First, in their Brief in Opposition to Halilburton’s petition, filed on Friday, the plaintiffs argue that the case is not a “proper vehicle” for the Court to re-consider the Basic presumption because Halliburton has not preserved the issue sufficiently in order now to be able to present it to the Supreme Court. The plaintiffs argue that early in the case, the company conceded that its shares traded in an efficient market, and that, until recently, the company did not argue that the Basic presumption did not apply or should be overturned or set aside. The plaintiffs argue that this procedural history creates insurmountable barriers to the Court considering the issues that Halliburton now wants to raise. In any event, the Supreme Court may not want to take up and reconsider one of its well-established precedents where the issue was not procedurally preserved or fully ventilated in the lower courts.

 

Second, there is the fact that the Court has already fully analyzed the appropriate class certification considerations in this very case, in connection with its 2011 decision. The Court may well question whether it is worth the Court’s time to yet again take up issues surrounding a procedural ruling in a case that it has already considered.

 

In that regard, the plaintiff argues that the company’s petition represents “little more than a thin repackaging of arguments previously presented to and rejected by the Court two years ago.” The second question that the company has presented in its petition [“whether the defendants may rebut the presumption and prevent class certification by presenting evidence that the alleged misrepresentations did not distort the market price of the stock“] does start to sound an awful lot like the issues that were previously argued in the case. While there may be interest at the court at taking up a case that will allow the Court to reconsider the Basic presumption, the Supreme Court may not want to take up a case that might wind up with the Court rehashing a host of arguments it already heard just two years ago.

 

The plaintiffs also argue in the Opposition Brief that the court should not disturb a well-established precedent given that Congress has revised the federal securities laws numerous times since the Basic case was decided. They specifically argue that Congress refused to undue Basic when it revised the securities laws in 1995, and therefore that the Court should defer to Congress and leave things as they are – just as Congress did.

 

If the Court were to take up the case, the potential stakes are enormous.
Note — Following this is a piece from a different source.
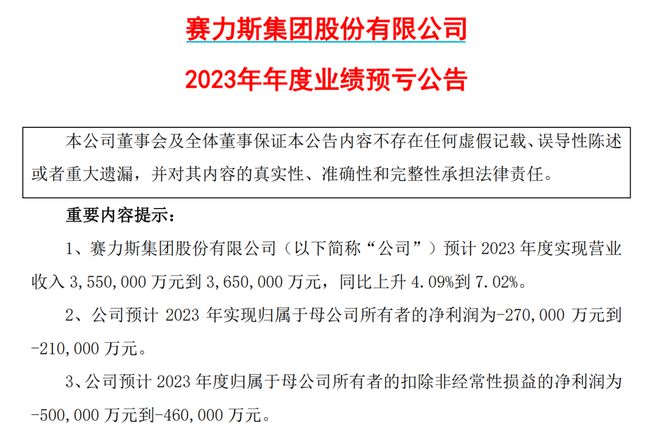 1月24日盘后,赛力斯披露2023年业绩预告,该公司全年实现营业收入355亿元-365亿元,实现归母净利润亏损21亿元至27亿元。

Professor Davidoff said in his column that the case could “put a stake through the heart of securities fraud cases.” Alison Frankel, in an October 14, 2013 post on her On the Case blog (here) commented that this is “a hugely consequential cert petition.” If the Court were to do away with the fraud on the market theory, “it will fundamentally remake securities litigation.”

 

While the potential stakes are enormous, the outcome is not pre-ordained, even if the cert petition is granted. There may be the requisite four votes for the Court to take up the case, but that does not necessarily mean that there would be five votes to overturn a long-standing Supreme Court precedent. In that regard, it is worth noting that in the Amgen case, Chief Justice John Roberts joined a majority opinion written by Justice Ginsberg where she specifically noted that Congress had amended the securities laws in 1995 without altering the Basic presumption.

 

For now, the most immediate question is whether the Court will take up the case. All else aside, it is a fact that for several years the Court has been keen to take up securities cases, for whatever reason. If the Court follows its recent pattern and takes up this case again as well, the case could be one of the most interesting and important securities cases before the Supreme Court in a generation.